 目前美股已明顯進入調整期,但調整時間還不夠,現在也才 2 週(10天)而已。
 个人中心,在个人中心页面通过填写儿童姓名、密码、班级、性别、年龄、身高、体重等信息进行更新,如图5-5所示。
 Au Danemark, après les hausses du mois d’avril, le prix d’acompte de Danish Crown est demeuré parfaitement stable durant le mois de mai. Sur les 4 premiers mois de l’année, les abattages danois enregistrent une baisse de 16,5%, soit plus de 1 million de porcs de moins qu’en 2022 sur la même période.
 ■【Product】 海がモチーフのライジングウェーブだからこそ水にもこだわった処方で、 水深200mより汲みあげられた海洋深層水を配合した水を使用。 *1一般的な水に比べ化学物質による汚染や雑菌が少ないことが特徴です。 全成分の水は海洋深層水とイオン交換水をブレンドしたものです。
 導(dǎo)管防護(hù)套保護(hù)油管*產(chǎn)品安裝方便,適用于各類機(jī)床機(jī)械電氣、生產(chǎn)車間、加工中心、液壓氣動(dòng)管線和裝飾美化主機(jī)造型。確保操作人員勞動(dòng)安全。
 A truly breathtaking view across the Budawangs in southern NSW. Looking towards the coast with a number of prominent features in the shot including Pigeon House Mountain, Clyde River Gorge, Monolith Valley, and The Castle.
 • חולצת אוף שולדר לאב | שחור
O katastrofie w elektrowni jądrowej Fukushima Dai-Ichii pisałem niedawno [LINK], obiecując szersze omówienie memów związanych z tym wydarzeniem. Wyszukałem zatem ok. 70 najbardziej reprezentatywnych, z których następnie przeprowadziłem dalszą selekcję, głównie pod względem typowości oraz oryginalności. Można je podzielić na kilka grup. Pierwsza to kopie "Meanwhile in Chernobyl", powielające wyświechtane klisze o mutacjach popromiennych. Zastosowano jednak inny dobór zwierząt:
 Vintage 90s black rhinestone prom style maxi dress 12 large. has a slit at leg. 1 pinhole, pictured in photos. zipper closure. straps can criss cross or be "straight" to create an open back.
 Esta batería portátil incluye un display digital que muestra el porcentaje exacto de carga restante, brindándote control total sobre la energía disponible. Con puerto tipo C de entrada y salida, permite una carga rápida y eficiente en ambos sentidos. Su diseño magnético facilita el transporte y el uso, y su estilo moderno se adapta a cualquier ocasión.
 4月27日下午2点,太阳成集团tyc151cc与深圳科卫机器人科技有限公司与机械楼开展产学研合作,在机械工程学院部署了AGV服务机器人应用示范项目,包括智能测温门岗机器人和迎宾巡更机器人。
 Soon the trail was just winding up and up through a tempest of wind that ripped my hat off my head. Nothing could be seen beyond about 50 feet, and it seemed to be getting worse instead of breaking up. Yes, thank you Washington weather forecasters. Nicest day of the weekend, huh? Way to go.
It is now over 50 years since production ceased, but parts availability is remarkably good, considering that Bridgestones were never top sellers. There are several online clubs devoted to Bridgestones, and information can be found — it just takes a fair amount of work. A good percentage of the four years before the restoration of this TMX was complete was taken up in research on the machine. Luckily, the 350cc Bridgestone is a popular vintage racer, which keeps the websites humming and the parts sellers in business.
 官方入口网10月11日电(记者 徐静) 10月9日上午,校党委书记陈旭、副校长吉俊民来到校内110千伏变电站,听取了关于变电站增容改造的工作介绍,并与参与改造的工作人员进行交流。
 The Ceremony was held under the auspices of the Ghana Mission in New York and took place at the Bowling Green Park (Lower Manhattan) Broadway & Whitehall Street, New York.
===
[Assigned task] Each entry is to be written out exactly as it was given.

[Solution to this problem]
 目前美股已明顯進入調整期,但調整時間還不夠,現在也才 2 週(10天)而已。
 个人中心,在个人中心页面通过填写儿童姓名、密码、班级、性别、年龄、身高、体重等信息进行更新,如图5-5所示。
 Au Danemark, après les hausses du mois d’avril, le prix d’acompte de Danish Crown est demeuré parfaitement stable durant le mois de mai. Sur les 4 premiers mois de l’année, les abattages danois enregistrent une baisse de 16,5%, soit plus de 1 million de porcs de moins qu’en 2022 sur la même période.
 ■【Product】 海がモチーフのライジングウェーブだからこそ水にもこだわった処方で、 水深200mより汲みあげられた海洋深層水を配合した水を使用。 *1一般的な水に比べ化学物質による汚染や雑菌が少ないことが特徴です。 全成分の水は海洋深層水とイオン交換水をブレンドしたものです。
 導(dǎo)管防護(hù)套保護(hù)油管*產(chǎn)品安裝方便,適用于各類機(jī)床機(jī)械電氣、生產(chǎn)車間、加工中心、液壓氣動(dòng)管線和裝飾美化主機(jī)造型。確保操作人員勞動(dòng)安全。
 A truly breathtaking view across the Budawangs in southern NSW. Looking towards the coast with a number of prominent features in the shot including Pigeon House Mountain, Clyde River Gorge, Monolith Valley, and The Castle.
 • חולצת אוף שולדר לאב | שחור
O katastrofie w elektrowni jądrowej Fukushima Dai-Ichii pisałem niedawno [LINK], obiecując szersze omówienie memów związanych z tym wydarzeniem. Wyszukałem zatem ok. 70 najbardziej reprezentatywnych, z których następnie przeprowadziłem dalszą selekcję, głównie pod względem typowości oraz oryginalności. Można je podzielić na kilka grup. Pierwsza to kopie "Meanwhile in Chernobyl", powielające wyświechtane klisze o mutacjach popromiennych. Zastosowano jednak inny dobór zwierząt:
 Vintage 90s black rhinestone prom style maxi dress 12 large. has a slit at leg. 1 pinhole, pictured in photos. zipper closure. straps can criss cross or be "straight" to create an open back.
 Esta batería portátil incluye un display digital que muestra el porcentaje exacto de carga restante, brindándote control total sobre la energía disponible. Con puerto tipo C de entrada y salida, permite una carga rápida y eficiente en ambos sentidos. Su diseño magnético facilita el transporte y el uso, y su estilo moderno se adapta a cualquier ocasión.
 4月27日下午2点,太阳成集团tyc151cc与深圳科卫机器人科技有限公司与机械楼开展产学研合作,在机械工程学院部署了AGV服务机器人应用示范项目,包括智能测温门岗机器人和迎宾巡更机器人。
 Soon the trail was just winding up and up through a tempest of wind that ripped my hat off my head. Nothing could be seen beyond about 50 feet, and it seemed to be getting worse instead of breaking up. Yes, thank you Washington weather forecasters. Nicest day of the weekend, huh? Way to go.
It is now over 50 years since production ceased, but parts availability is remarkably good, considering that Bridgestones were never top sellers. There are several online clubs devoted to Bridgestones, and information can be found — it just takes a fair amount of work. A good percentage of the four years before the restoration of this TMX was complete was taken up in research on the machine. Luckily, the 350cc Bridgestone is a popular vintage racer, which keeps the websites humming and the parts sellers in business.
 官方入口网10月11日电(记者 徐静) 10月9日上午,校党委书记陈旭、副校长吉俊民来到校内110千伏变电站,听取了关于变电站增容改造的工作介绍,并与参与改造的工作人员进行交流。
 The Ceremony was held under the auspices of the Ghana Mission in New York and took place at the Bowling Green Park (Lower Manhattan) Broadway & Whitehall Street, New York.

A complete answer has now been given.